Estaba fallando, equivocando los planes, reformulando estrategias, tratando de proyectar un final en el que ella no tuviese que marcharse de allí, de su lado. Los resultados de ese cúmulo de pensamientos —una práctica nueva en Nora— la arrojaban a las fauces de un infierno personal que ensanchaba su boca y profundidad durante las noches. Bajo el manto de las estrellas, con la melodía lejana de la vida salvaje que vagaba por la inmensidad del desierto californiano, y con las libélulas traviesas que jugaban a trazar formas hipnóticas sobre la nada, la irremediable cercanía entre Charles y ella no era más que distancia, una que mutaba a melancolía helándole el cuerpo. Sentía un paradojal frío, temblaba de ausencia, y la poderosa vehemencia del calor de las tierras que la cobijaban no podía hacer nada al respecto.

Charles...

El nombre volvió a salir de sus labios como si de un exorcismo se tratara. Abrió los ojos. La blanca luz de la luna cubría cada centímetro de la habitación, invadía todo y, a la vez, se alzaba como un testigo silencioso que se guardaría para sí la identidad de los brazos que la habían cargado hasta la habitación.

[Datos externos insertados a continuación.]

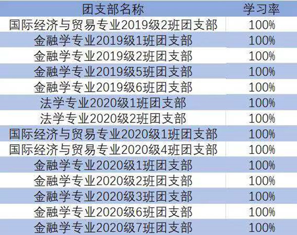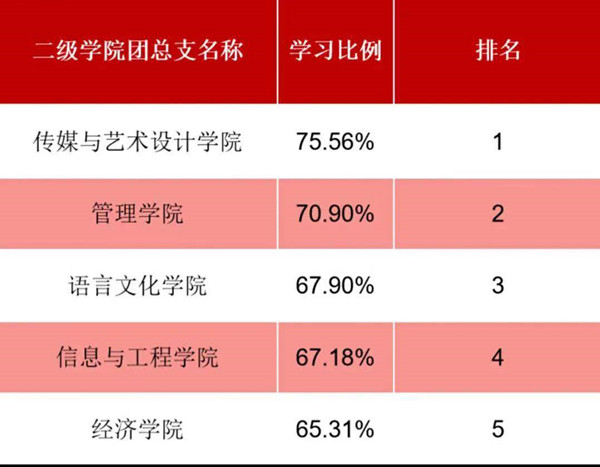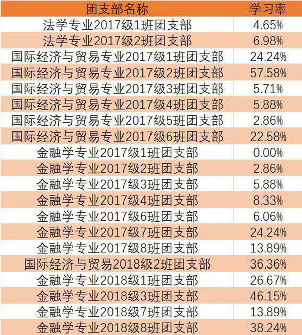 1.各团支部的学习率每周都有记录,可以关注“中南林涉外经济学院团总支学生会”公众号推文查看学习率是否达标。

El sudor no le dio tregua, posiblemente porque la sensación de frío nacía del pensamiento más que de una manifestación del cuerpo. La realidad que la rodeaba seguía siendo ardiente, lo suficiente como para hacer que la tela de la enagua y el vestido se adhirieran a su piel. Los alambres del miriñaque, amoldados a la forma del colchón luego de un par de horas de reposo, dejaron el rostro de su existencia en sus piernas. Desvestirse nunca antes le resultó una tarea tan agobiante. Un pequeño fragmento de la consciencia de Nora se encontraba flotando en el mundo de los sueños, mientras todo lo demás luchaba por despertarse. Sintió un cosquilleo en los dedos cuando hizo uso de ellos, desabotonar el vestido requirió de una destreza fuera de lo común; para cuando terminó con el último, el estado de vigilia primó sobre todo lo demás.

Contaba con el privilegio absoluto de la privacidad, y el hecho de que las cortinas estuviesen abiertas de par en par no se lo robaba. Fue libre de desnudarse sin recaudos, con la noche como única espectadora.

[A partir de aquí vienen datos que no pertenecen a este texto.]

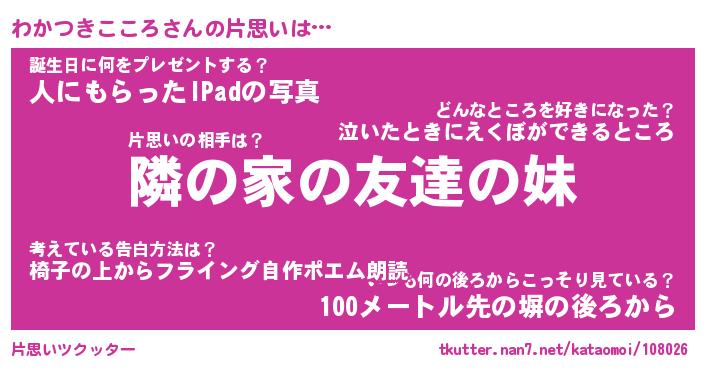 | ヘコむあだ名 | 『わかっふぃ~』『つくし』 |

Si quería volver a forjar amistad con el sueño debía convocarlo de la manera correcta. No contaba con agua suficiente para tomar un baño de tina, pero sí para refrescar cada centímetro de su piel. Kaliska solía dejarle un aguamanil con unas flores silvestres que, según la mujer, dotaban con sus propiedades todo aquello que tocaban. Hundió una toalla de manos y la estrujó; primero se humedeció el rostro y el cuello, luego hizo extensiva la caricia a sus pechos y brazos. Cuáles eran las propiedades de esas flores, no lo sabía; le bastaba gozar del perfume que poseían y se impregnaba a ella. Respiró profundo, sintió una inexplicable sensación de paz. Finalmente recuperaba la calma perdida. Perdida de hace días, desde el primer día que había puesto un pie en esa casa. Desde que Charles dejó de ser un nombre, una idealización, para convertirse en la perfecta combinación de un ángel con faceta de demonio.

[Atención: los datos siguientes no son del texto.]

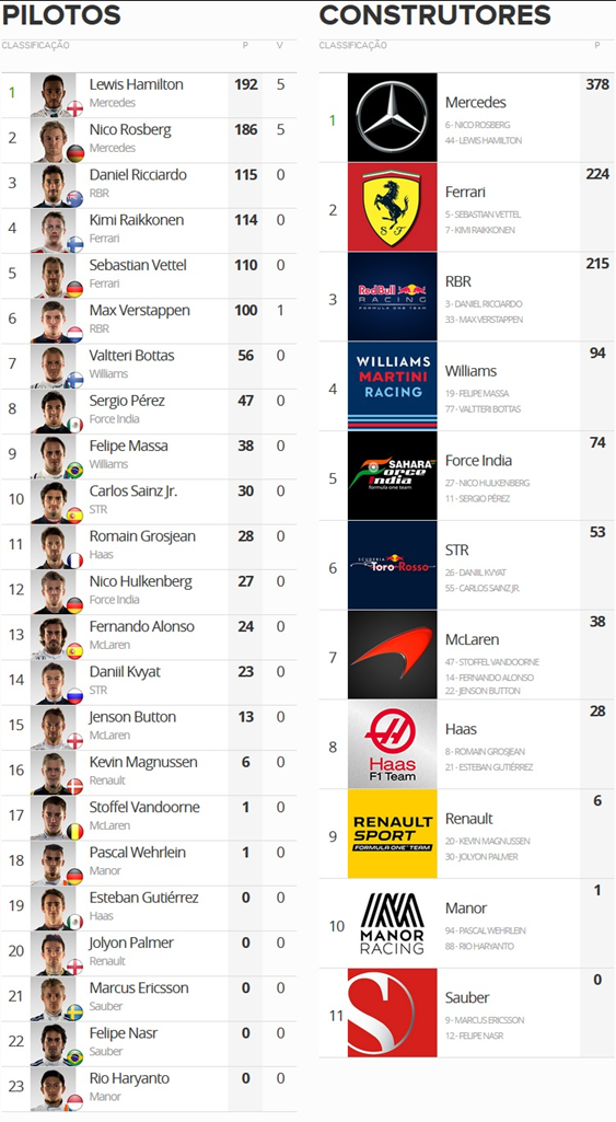 12/56 – Hamilton liderava a prova, seguido por Ricciardo e Raikkonen. Dos oito primeiros colocados, apenas Verstappen, em quarto, já havia parado nos boxes. O holandês estava a 17s do britânico da Mercedes. Nasr aparecia em 12º, e Massa em 19º.

Una vez que sus piernas y vientre experimentaron la misma relajación que el resto del cuerpo, cubrió su desnudez con uno de los camisones que había adquirido por la tarde. Vivenciaba la ilógica sensación de estar flotando en una elipsis temporal. A pesar de que las manecillas del reloj no habían alcanzado a dar una vuelta completa, la tarde parecía un pasado lejano. La conversación oída entre Charles y Kaliska fue lo que logró el efecto de eterno para Nora, porque tras ella, lo esperó... lo esperó dispuesta a confrontarlo, decidida a arrancar de raíz el absurdo recelo que el hombre sentía por el simple hecho de romper sus esquemas imaginarios.

¿Cómo si la belleza física importase? ¿Cómo si los valores, las palabras y los sentimientos no tuviesen supremacía sobre todo?

Quizás era tiempo de romper otros esquemas para Nora; aquellos que se imponían como normas y modales establecidos aprendidos a rajatabla. Quizás debía de abofetearlo sin dudarlo, hacerlo entrar en razones. Eran lo que eran. Eran eso que combinaba en pensamientos y que los hacía emitir la misma respuesta al unísono. Perfecta sincronía. Hasta un ciego lo podría ver. Hasta un niño lo podría entender. Sin embargo, Charles prefería repelerla, privarla de la absoluta cercanía.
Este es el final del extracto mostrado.